- _Your objective_
Work through the listing below and give again exactly the lines from the one with "信息科学与工程学院高度重视关" to the one with "When the World", both ends included. All other lines and all pictures stay out.

- _Supplied data_
• • • • •
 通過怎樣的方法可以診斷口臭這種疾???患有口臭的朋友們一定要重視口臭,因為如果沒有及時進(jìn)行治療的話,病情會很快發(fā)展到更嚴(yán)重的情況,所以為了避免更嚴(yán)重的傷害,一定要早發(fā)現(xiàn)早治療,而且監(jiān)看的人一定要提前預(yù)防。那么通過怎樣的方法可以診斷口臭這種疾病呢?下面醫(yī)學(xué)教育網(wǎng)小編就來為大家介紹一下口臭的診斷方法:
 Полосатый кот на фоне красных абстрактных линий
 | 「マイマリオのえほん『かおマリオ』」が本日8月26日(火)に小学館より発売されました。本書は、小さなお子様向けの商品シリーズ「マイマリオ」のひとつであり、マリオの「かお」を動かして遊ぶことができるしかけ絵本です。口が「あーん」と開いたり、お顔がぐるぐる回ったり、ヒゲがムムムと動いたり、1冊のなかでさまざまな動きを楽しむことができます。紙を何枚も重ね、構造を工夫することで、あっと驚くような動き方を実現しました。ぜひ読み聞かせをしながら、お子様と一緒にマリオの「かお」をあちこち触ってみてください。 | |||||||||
• • • • •
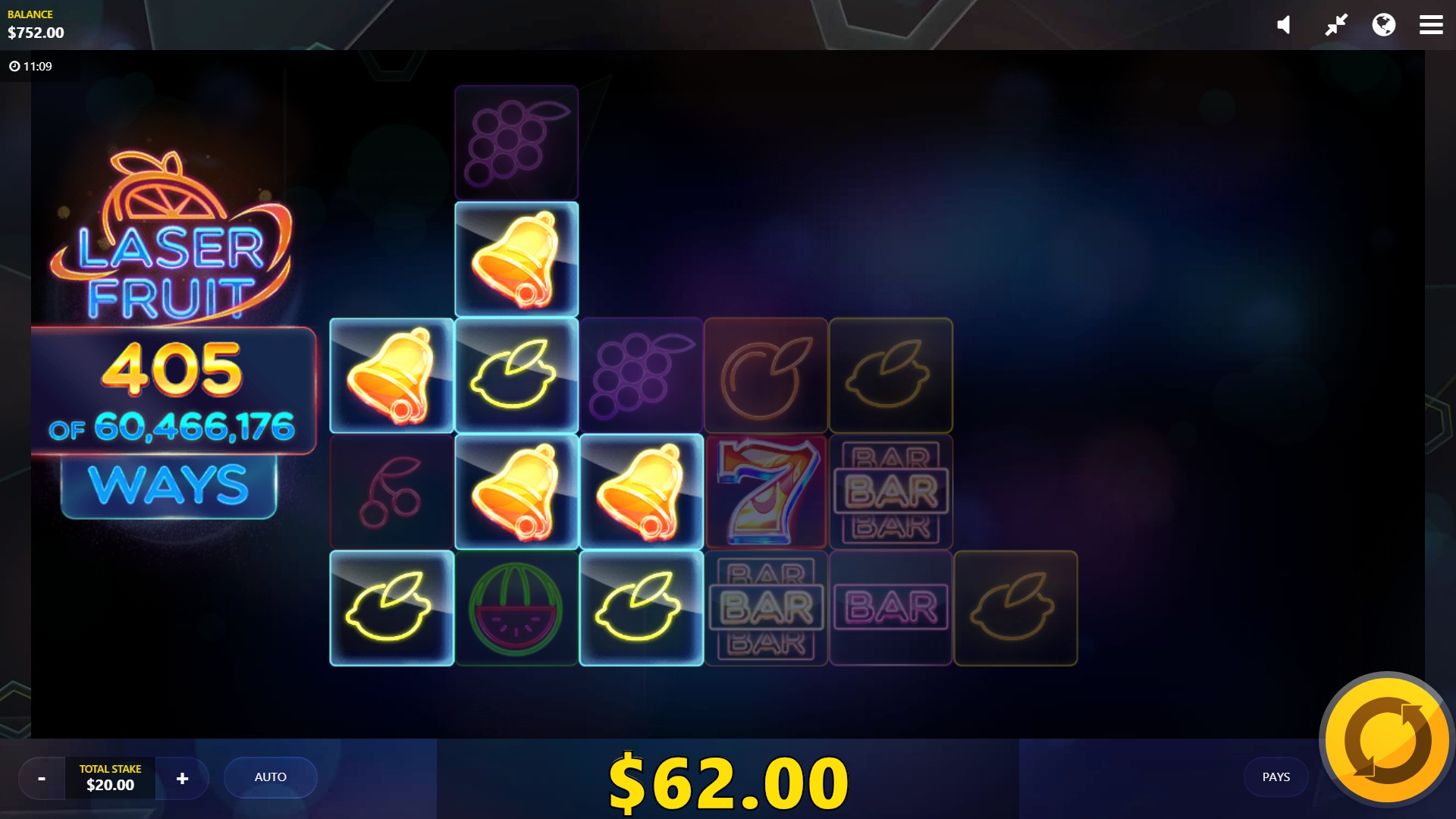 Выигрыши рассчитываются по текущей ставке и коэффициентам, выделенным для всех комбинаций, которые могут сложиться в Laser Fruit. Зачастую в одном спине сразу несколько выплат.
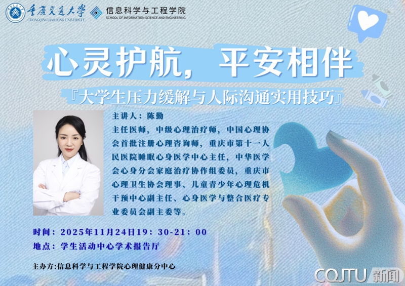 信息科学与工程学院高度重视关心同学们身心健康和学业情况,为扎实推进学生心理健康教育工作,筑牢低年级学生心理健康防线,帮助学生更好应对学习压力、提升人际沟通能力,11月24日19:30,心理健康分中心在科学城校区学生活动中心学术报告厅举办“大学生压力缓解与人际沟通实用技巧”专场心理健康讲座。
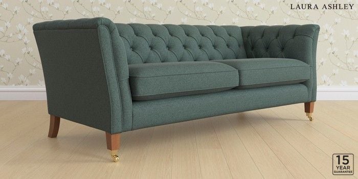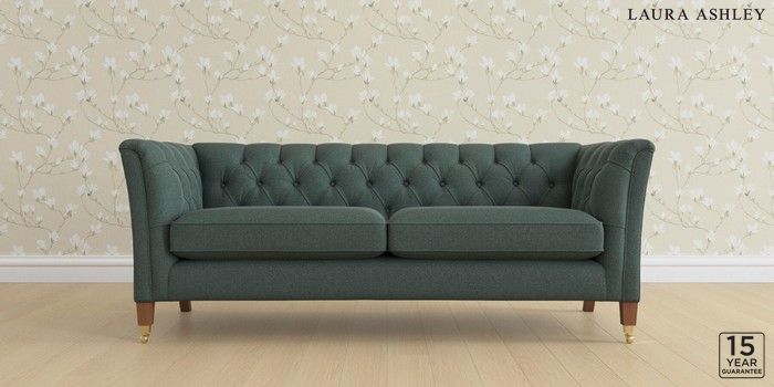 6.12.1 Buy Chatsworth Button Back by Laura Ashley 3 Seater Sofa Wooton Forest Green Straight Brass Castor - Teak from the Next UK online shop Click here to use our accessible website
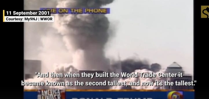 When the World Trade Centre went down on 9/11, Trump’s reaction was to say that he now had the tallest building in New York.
• • • • •
- _Written response_
 信息科学与工程学院高度重视关心同学们身心健康和学业情况,为扎实推进学生心理健康教育工作,筑牢低年级学生心理健康防线,帮助学生更好应对学习压力、提升人际沟通能力,11月24日19:30,心理健康分中心在科学城校区学生活动中心学术报告厅举办“大学生压力缓解与人际沟通实用技巧”专场心理健康讲座。
 6.12.1 Buy Chatsworth Button Back by Laura Ashley 3 Seater Sofa Wooton Forest Green Straight Brass Castor - Teak from the Next UK online shop Click here to use our accessible website
 When the World Trade Centre went down on 9/11, Trump’s reaction was to say that he now had the tallest building in New York.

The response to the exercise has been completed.